| Entry Into or Amendment of a Material Definitive Agreement. |
On November 12, 2024, Digital Realty Trust, L.P. (the “
Issuer
”), a subsidiary of Digital Realty Trust, Inc. (the “
Company
”), issued $1,150,000,000 principal amount of its 1.875% Exchangeable Senior Notes due 2029 (the “
Notes
”). The Notes were issued pursuant to, and are governed by, an indenture (the “
Indenture
”), dated as of November 12, 2024, among the Issuer, the Company and U.S. Bank Trust Company, National Association, as trustee (the “
Trustee
”). Pursuant to the purchase agreement among the Issuer, the Company and the representatives of the initial purchasers of the Notes, the Issuer granted the initial purchasers an option to purchase, for settlement within a period of 13 days from, and including, the date the Notes are first issued, up to an additional $150,000,000 principal amount of Notes.
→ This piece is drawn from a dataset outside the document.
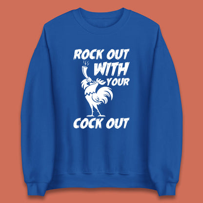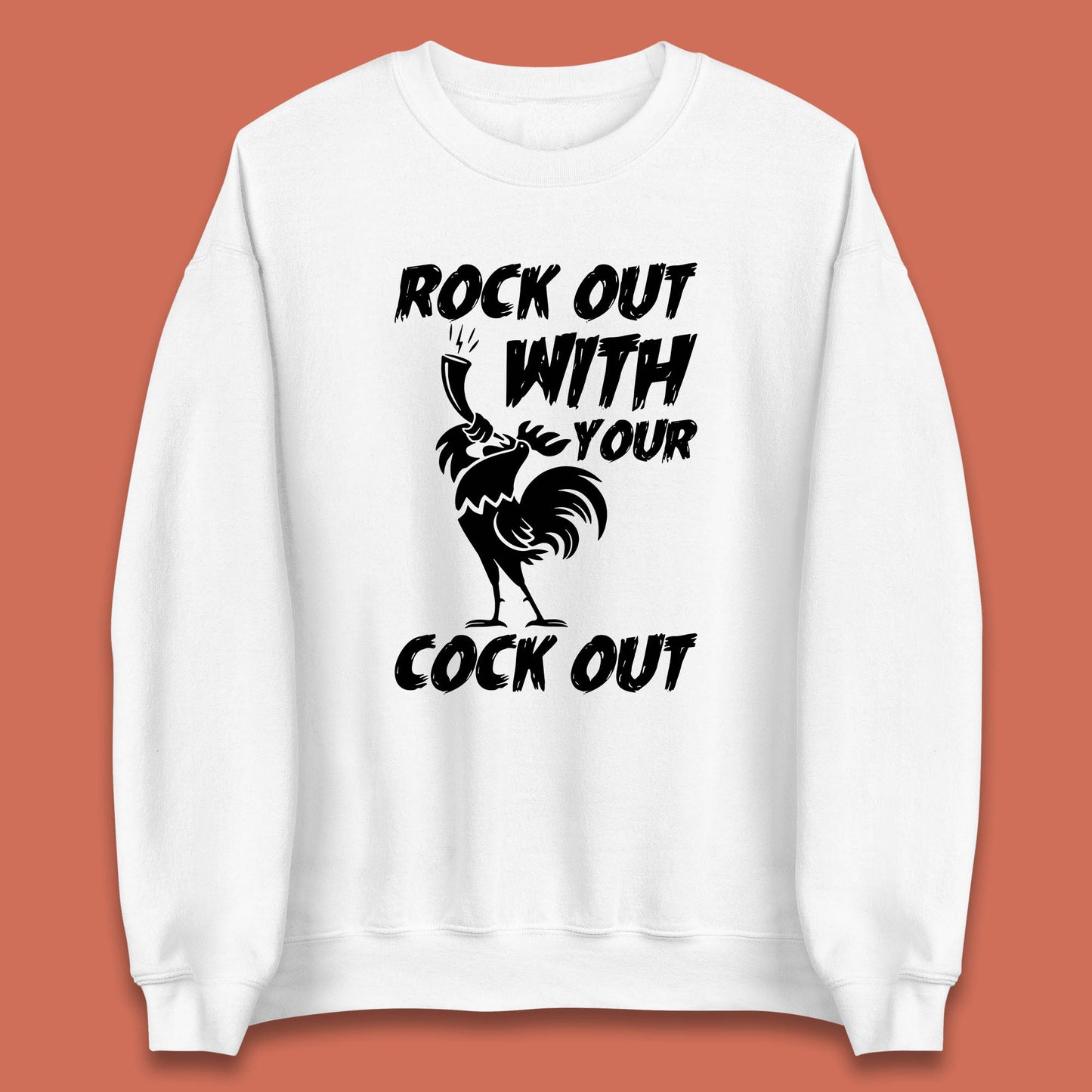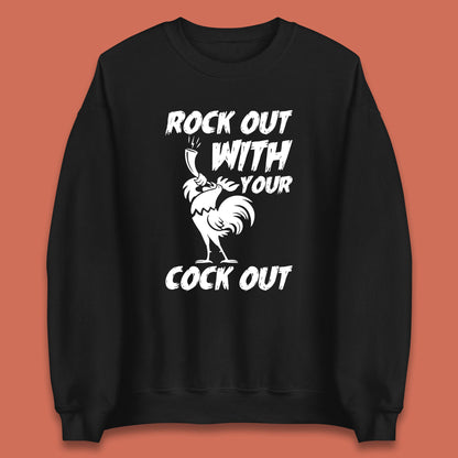 Rock Out With Your Cock Out Funny Offensive Cursed Offensive Meme Gag Joke Unisex Sweatshirt

The Notes issued on November 12, 2024 include $150,000,000 principal amount of Notes issued pursuant to the full exercise by the initial purchasers of such option.
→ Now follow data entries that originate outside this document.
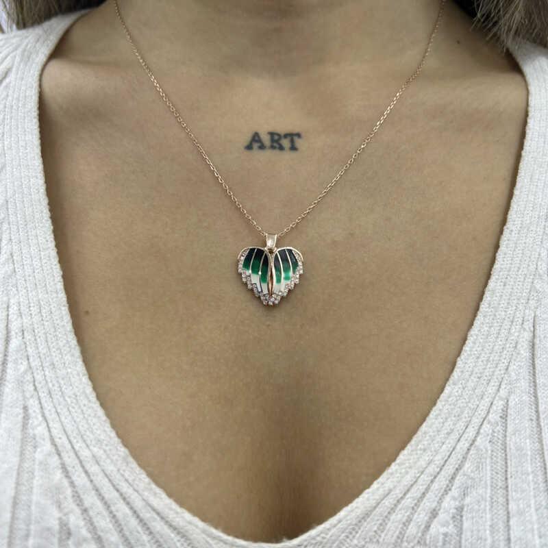 Kalp deseniyle aşkı ifade eden bu kolye ile sevginiz, sevdiğiniz kadının teninde hayat bulsun. Genç sevgililerin ve kendini genç hissedenlerin özel günlerde seçebileceği bu kalpli bayan kolye ile sevdiğinizin boynunu aşkla süsleyin. Sizin olduğu kadar sevdiklerinizin de keyifle takacağı kalpli kolye sevdiğinize en güzel hediyelerden biri olacaktır. Kalpli isimli bayan kolye 925 ayar gümüşten imal edilmiştir. Gümüş üzerine rose kaplama yapılmıştır. Rose kaplama yapılan gümüş bayan kalpli isimli kolyeler parlaklığını uzun süre muhafaza eder ve oksitlenmesi gecikir. Kolye üzerinde bulunan taşlar zirkondur. Gümüş olan zincir boyu ortalama 45 cm"dir. Tüm bayan kolyelerde olduğu gibi gümüş kalpli isimli bayan kolye de el emeği ile üretilmiştir. Gümüş ve değerli taşlar nedeniyle belirtilen ortalama ürün ağırlığında ± %10 sapma olabilmektedir.
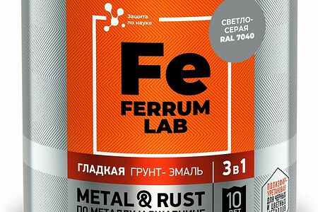 Грунт-эмаль FERRUM LAB по ржавчине 3 в 1 светло-серая глянцевая, банка 0,75 л доставка
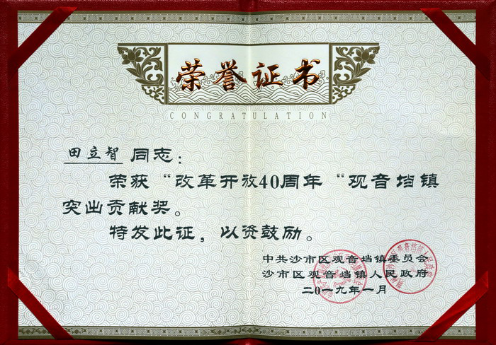 田立智榮獲觀音垱鎮(zhèn)“改革開放40周年”突出貢獻獎
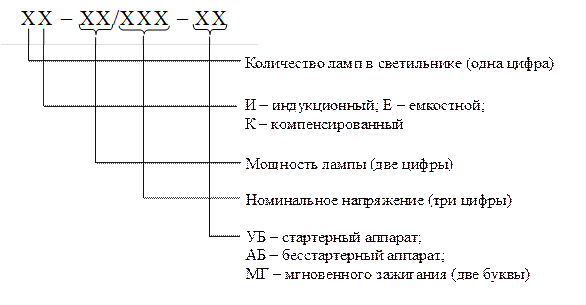 где Коэффициент пульсации определяется составом люминофора и схемой включения в сеть (составляет 25…40%). Световая отдача люминесцентных ламп составляет 60…80 лм/Вти зависит от свойств люминофора, соотношения длины и диаметра трубки лампы. Световая отдача снижается на 30…40 % к концу срока службы ламп. Это обусловлено необратимыми химическими реакциями люминофора с примесями в газах, износом электродов и другими факторами. Срок службы люминесцентных ламп зависит от стойкости электродов. Электротехническая промышленность выпускает люминесцентные лампы со сроком службы до 10…12 тысяч часов. Кроме стартерных схем зажигания люминесцентных ламп применяются бесстартерные схемы. Схемы бесстартерного зажигания подразделяются на трансформаторные, импульсные. Предприятия-изготовители для различных схем включения люминесцентных ламп (стартерных и бесстартерных) комплектуют отдельные элементы схем включения в блоки (ПРА). ПРА имеют маркировку состоящую из цифр и букв. Маркировка ПРА:

The Company has fully and unconditionally guaranteed the Notes on a senior, unsecured basis.
The Notes and the guarantee of the Company will be senior, unsecured obligations of the Issuer and the Company, respectively, and will be (i) equal in right of payment with the existing and future senior, unsecured indebtedness of the Issuer and the Company, respectively; (ii) senior in right of payment to the existing and future indebtedness of the Issuer and the Company, respectively, that is expressly subordinated to the Notes and such guarantee, respectively; (iii) effectively subordinated to the existing and future secured indebtedness of the Issuer and the Company, respectively, to the extent of the value of the collateral securing that indebtedness; and (iv) structurally subordinated to all existing and future indebtedness and other liabilities, including trade payables, and (to the extent the Issuer or the Company, as applicable, is not a holder thereof) preferred equity, if any, of the subsidiaries (other than the Issuer) of the Issuer and the Company, respectively.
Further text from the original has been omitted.